8:59 am
- Moksha Poojary
- Aug 16, 2019
- 2 min read
Okay, so I don't know how to describe this poem because it was just so random of me to write a piece like this while my lecture was going on, yes, I didn't pay attention in class (sorry ma'am if you're reading this) But you know, I was feeling very down emotionally and just like most people, I have a diary where I pour in my thoughts everyday, so I just did that. I had no intentions of writing a poem, I just went with the flow and what you're going to read now is the outcome of it:
Yes, I threw my T shirt away,
Thinking the moments will go along with it
Little did I know
That there are dates, places and faces.
They didn't go anywhere
Far from me.
They didn't have to look back at me.
They knock my door everyday
visit my empty house to fill it with vintage furniture.
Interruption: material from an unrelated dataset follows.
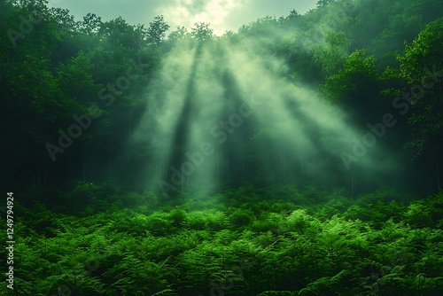 forest, tree, fern, light, sun ray, sunbeam, nature, green, dark, shadow, mysterious, mystical, magical, enchanting, sunlight, wood, wilderness, greenery, lush, vibrant, serene, peaceful, tranquil, calm, atmospheric, moody, aethereal, background, wallpaper, landscape, environment, sun ray, forest floor, dense forest, green-forest

vintage was JUST a word used by them.
Even the furnitures were broken.
They needed fixing.
I didn't touch them yet.
so every time I enter my house now
I don't sit
I take no rest
I move around corner to corner
to find an escape
only to find out, it was me,
who locked all the doors
filled all the holes.
thinking it would do the healing.
I should've known
healing needs time, healing needs space
my house didn't allow me this privilege.
It was occupied
It assumed I didn't need anything else
because I already had everything.
Hm, I think I did
But did I ever mention I needed it?
The walls pretended to be deaf
My words are still unheard.
I am learning to live with the echo of my sorrow.
I am still working on my convincing skills
So that I can throw all my furniture away
make some space and open the windows.
Till then,
I think somebody is at my door.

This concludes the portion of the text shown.